When questioning both sides of the case, Kacsmaryk had a restrained, straight-forward tone. He had occasional follow-up questions for the plaintiffs, but did not aggressively push back on their arguments. The substance of his questions for the FDA’s defenders was more skeptical, but he kept with the measured approach in his questioning, and avoided any pushiness when grilling the government and the drug company about the approval process.

At the end of the hearing, he thanked the parties, as well as those who filed dozens of friend of the courts briefs, for their “superb” briefing. He also acknowledged the logistical hurdles the lawyers at the hearing went through to get to his courthouse in Amarillo, which is a several hours’ drive from Texas’ biggest cities.
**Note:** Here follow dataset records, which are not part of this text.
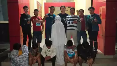 Lebong, Bengkulu - Enam remaja di Kabupaten Lebong, Bengkulu ditangkap polisi lantaran membuat panik warga sekitar. Mereka menggunakan kostum layaknya hantu pocong melakukan aksinya di tempat pemakaman umum (TPU) Desa Talang Ulu, Kecamatan Lebong Utara.
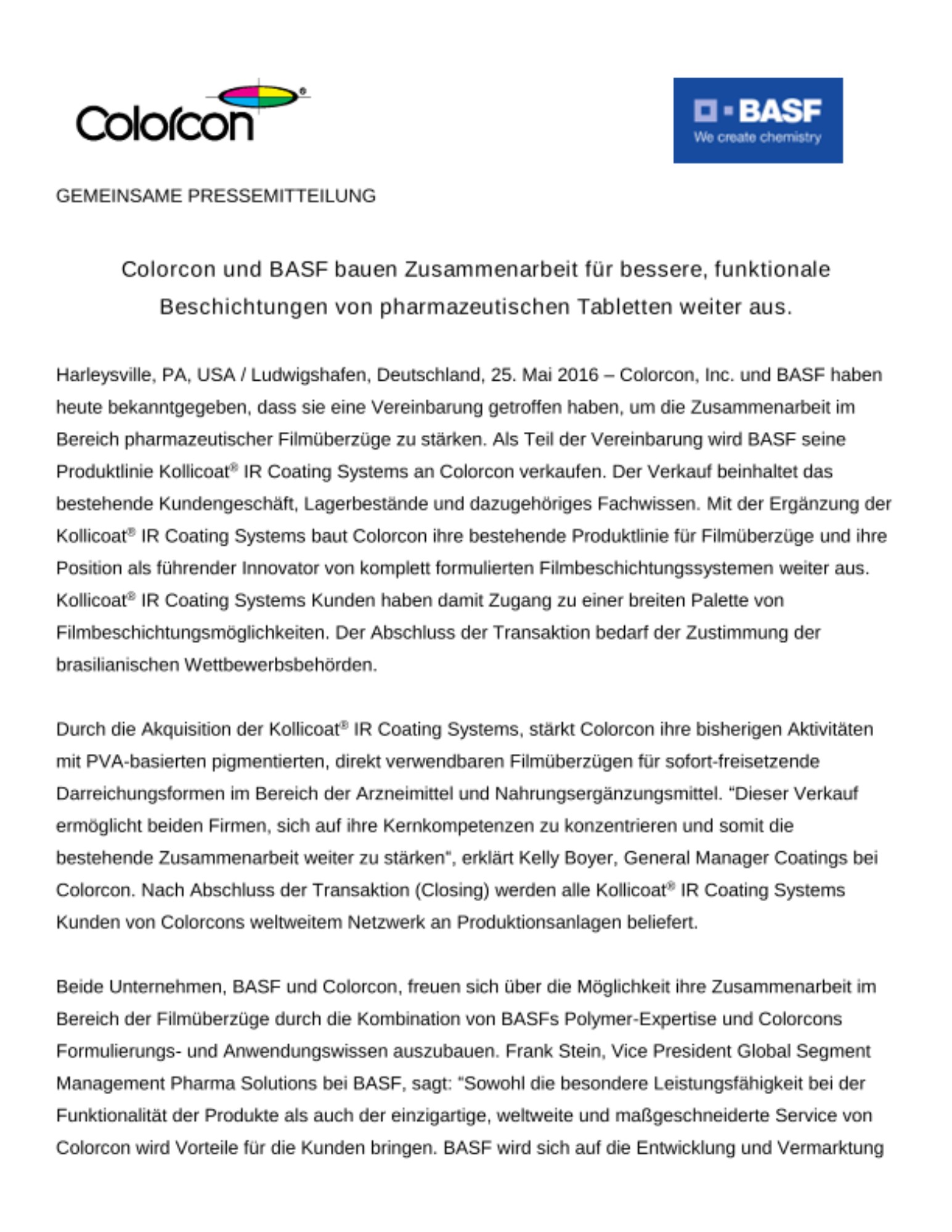Harleysville, PA, USA / Ludwigshafen, Deutschland, 25. Mai 2016 – Colorcon, Inc. und BASF haben heute bekanntgegeben, dass sie eine Vereinbarung getroffen haben, um die Zusammenarbeit im Bereich pharmazeutischer Filmüberzüge zu stärken. Als Teil der Vereinbarung wird BASF seine Produktlinie Kollicoat® IR Coating Systems an Colorcon verkaufen. Der Verkauf beinhaltet das bestehende Kundengeschäft, Lagerbestände und dazugehöriges Fachwissen. Mit der Ergänzung der Kollicoat® IR Coating Systems baut Colorcon ihre bestehende Produktlinie für Filmüberzüge und ihre Position als führender Innovator von komplett formulierten Filmbeschichtungssystemen weiter aus. Kollicoat® IR Coating Systems Kunden haben damit Zugang zu einer breiten Palette von Filmbeschichtungsmöglichkeiten. Der Abschluss der Transaktion bedarf der Zustimmung der brasilianischen Wettbewerbsbehörden.
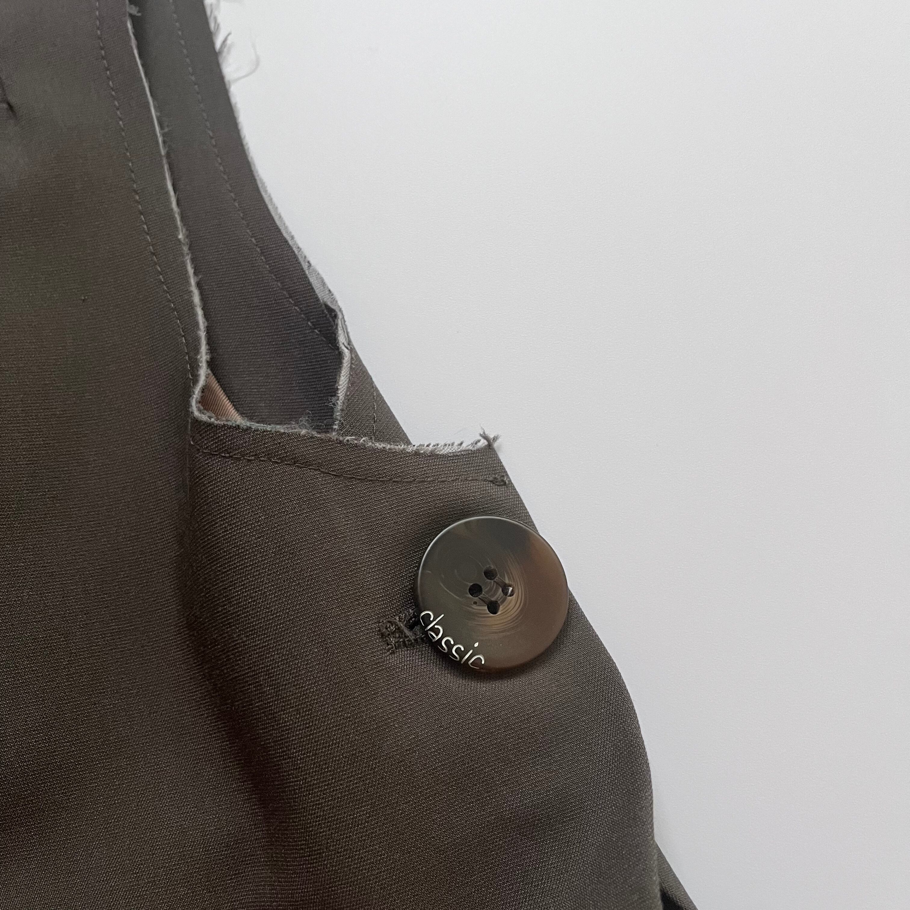 ベストのサイドと肩周りは切れっぱなしデザイン。
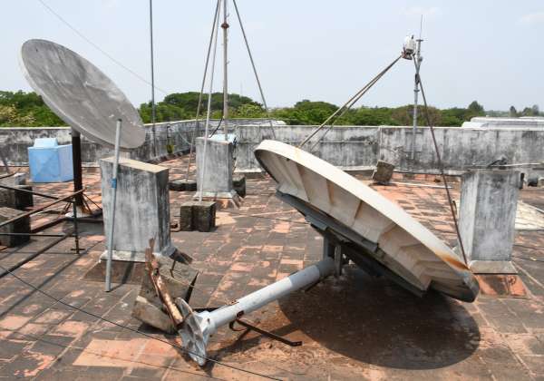 திருவள்ளூர் கலெக்டர் அலுவலகத்தின் மாடியில் உள்ள டிஷ் ஆண்டனா உடைந்து காணப்படுகிறது

Left unmentioned by the judge was the fact that he tried to delay the announcement of the hearing until the evening before, which would have made it difficult for members of the public and the media to attend Wednesday’s proceedings. When there was blowback to The Washington Post reporting about his plan – laid out in a private teleconference with attorneys where he pointed to death threats and harassment that had been directed to the courthouse staff – he announced the hearing on Monday.

The courtroom was open to the public, but only with limited seating: 19 seats for reporters and 19 for members of the public. By 6 a.m. CT Wednesday there were already lines outside the courtroom to claim those seats. Those attendees were not allowed to bring electronics in with them, and if they left the courthouse, they were not allowed back in.

Kacsmaryk warned at the beginning of the hearing that anyone who disrupted the proceedings would be immediately removed without warning. But there were no such disruptions.

Kacsmaryk wrapped up the hearing without any explicit timeline for when he’ll rule, telling the parties he would issue an order and opinion “as soon as possible.”

While he was arguing, Schwei, the DOJ attorney, requested that the judge – if he were to rule against the FDA – to immediately put that ruling on pause so it could be appealed. The judge stopped short of promising an automatic stay in the event of an adverse ruling, but he acknowledged he understood what DOJ was asking for.

An appeal would first go to a panel of three judges of the 5th US Circuit Court of Appeals, arguably the most conservative appeals court in the country. The panel’s decision could then be appealed either to the full 5th Circuit or the US Supreme Court.

Beyond these procedural questions, Kacsmaryk seemed to be grappling with the practical impact of a ruling in favor of the plaintiffs. He asked plaintiffs’ attorneys, the DOJ lawyers and the attorneys for the drug company Danco whether it would be possible for him to block some but not all of the FDA actions the challengers were targeting. He returned to the question again when the plaintiffs were back up for the rebuttal.

He also pressed Baptist, the attorney for the abortion opponents, on whether the plaintiffs were seeking an order that the FDA begin the withdrawal of the drug – a process that would take months – or if they thought the judge could directly take if off the market.